Assignment → Only the lines from the one with "Der Spiegelrahmen besteht" to the end of the data, both ends included, should be output, exactly as they stand and without pictures.

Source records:
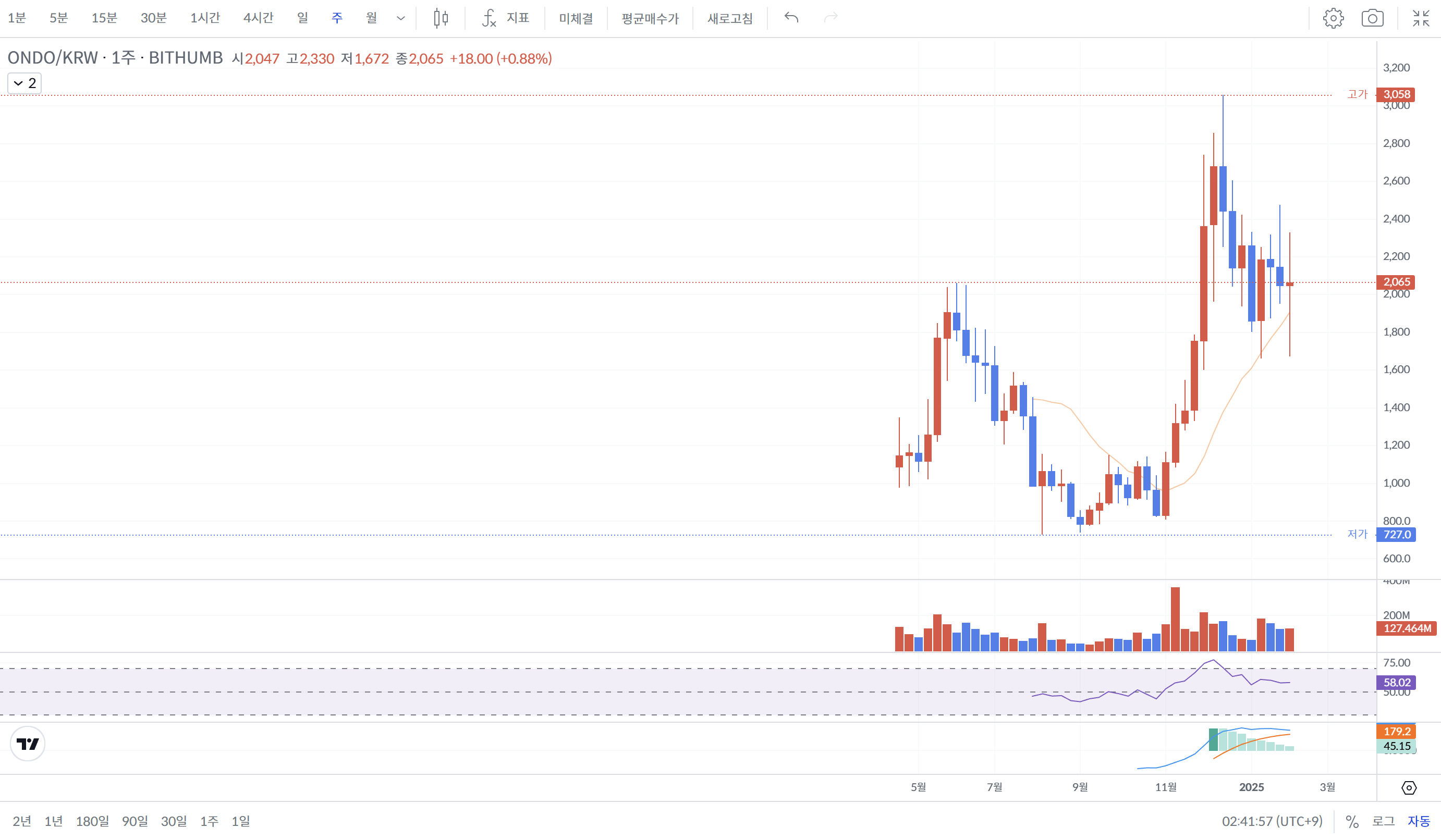주봉 차트에서는 장기 이동평균선 위에서 꾸준한 상승 흐름을 보이고 있습니다.
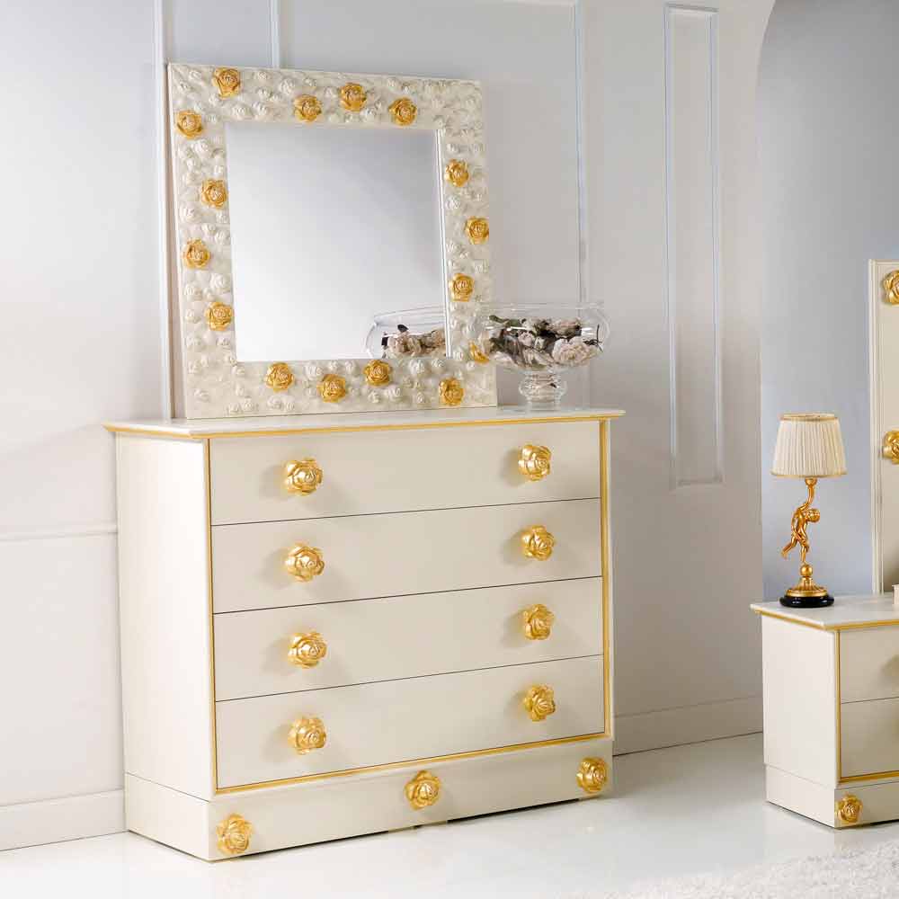 Der Spiegelrahmen besteht aus glatten Holz mit einen Weißen Hintergrund. Der Bilderrahmen wurde mit zartgoldenen Rosen verziert. Der Spiegel selbst besteht aus einer hochwertigen Kristallspiegelfläche und weist eine Dicke von Dicke von 4 mm auf. Made in Italy. Inklusive Wandhalterung ! Der Spiegel kann vertikal als auch horizontal aufgehangen werden.
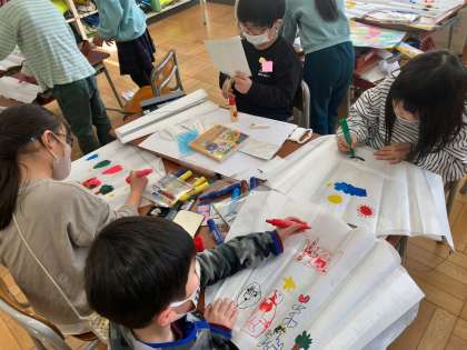 凧に好きな絵を描いて揚げました。晴天のもと、空高く揚がる凧に歓声を上げる子供たちでした。
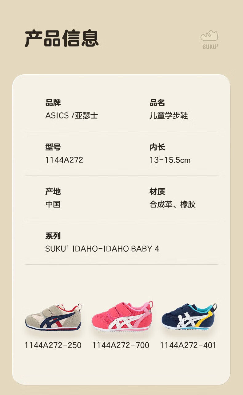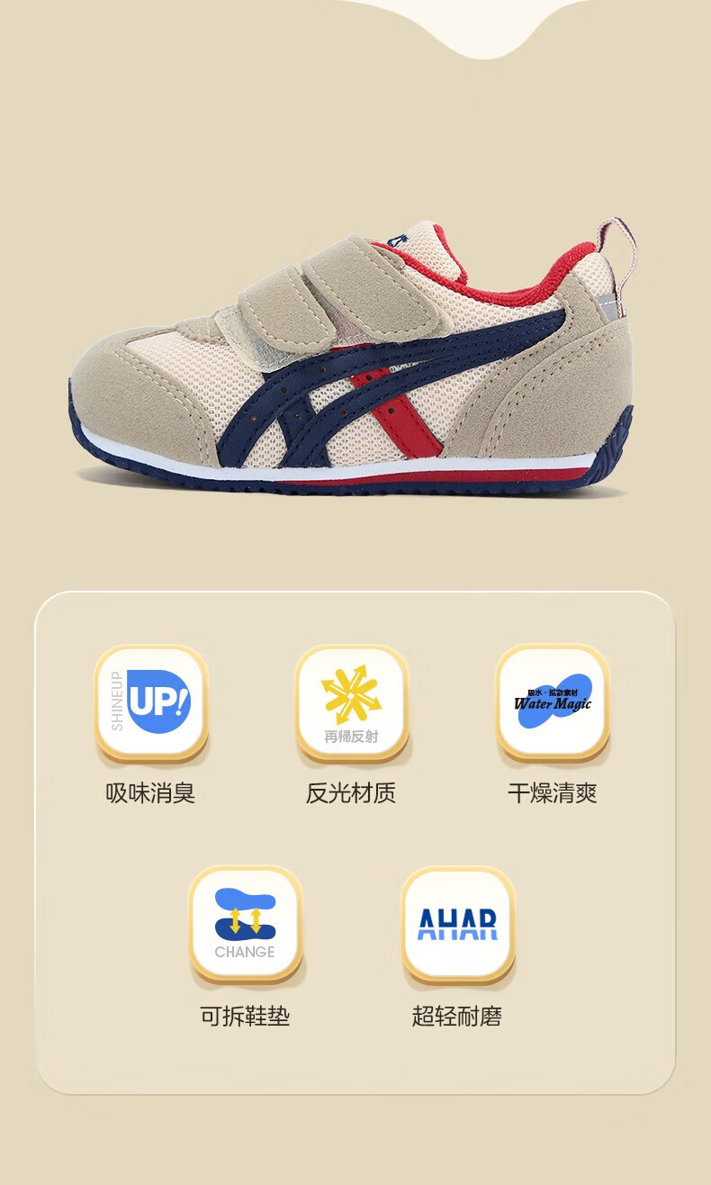 Asics functional shoes, children's shoes, children's shoes, baby toddler shoes, mesh soft sole Velcro breathable shoes 250 potato color, best-selling model 25, inner length 15.5cm, foot length 14.5cm
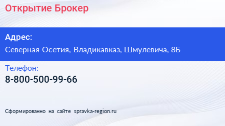 Открытие Брокер по адресу Северная Осетия, Владикавказ, Шмулевича, 8Б в дальнейшем Организация, размещена в следующих категориях:
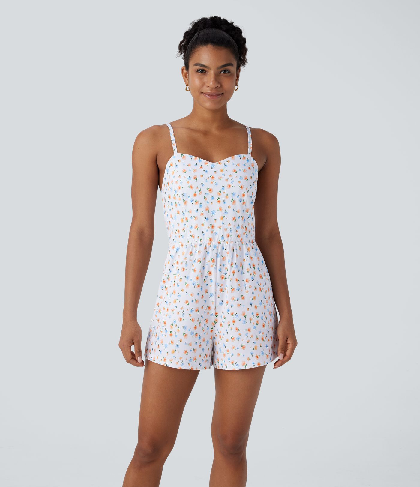 Lässiger, geraffter Jumpsuit mit Seitentaschen, verstellbaren Trägern und Blumendruck
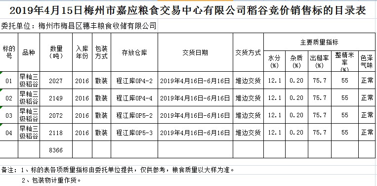 受客戶委托,梅州市嘉應(yīng)糧食交易中心有限公司定于2019年4月15日(星期一)舉辦糧食競(jìng)價(jià)交易會(huì),梅州市梅縣區(qū)穗豐糧食收儲(chǔ)有限公司擬銷售2016年早秈稻8366噸。

Written response →
 Der Spiegelrahmen besteht aus glatten Holz mit einen Weißen Hintergrund. Der Bilderrahmen wurde mit zartgoldenen Rosen verziert. Der Spiegel selbst besteht aus einer hochwertigen Kristallspiegelfläche und weist eine Dicke von Dicke von 4 mm auf. Made in Italy. Inklusive Wandhalterung ! Der Spiegel kann vertikal als auch horizontal aufgehangen werden.
 凧に好きな絵を描いて揚げました。晴天のもと、空高く揚がる凧に歓声を上げる子供たちでした。
 Asics functional shoes, children's shoes, children's shoes, baby toddler shoes, mesh soft sole Velcro breathable shoes 250 potato color, best-selling model 25, inner length 15.5cm, foot length 14.5cm
 Открытие Брокер по адресу Северная Осетия, Владикавказ, Шмулевича, 8Б в дальнейшем Организация, размещена в следующих категориях:
 Lässiger, geraffter Jumpsuit mit Seitentaschen, verstellbaren Trägern und Blumendruck
 受客戶委托,梅州市嘉應(yīng)糧食交易中心有限公司定于2019年4月15日(星期一)舉辦糧食競(jìng)價(jià)交易會(huì),梅州市梅縣區(qū)穗豐糧食收儲(chǔ)有限公司擬銷售2016年早秈稻8366噸。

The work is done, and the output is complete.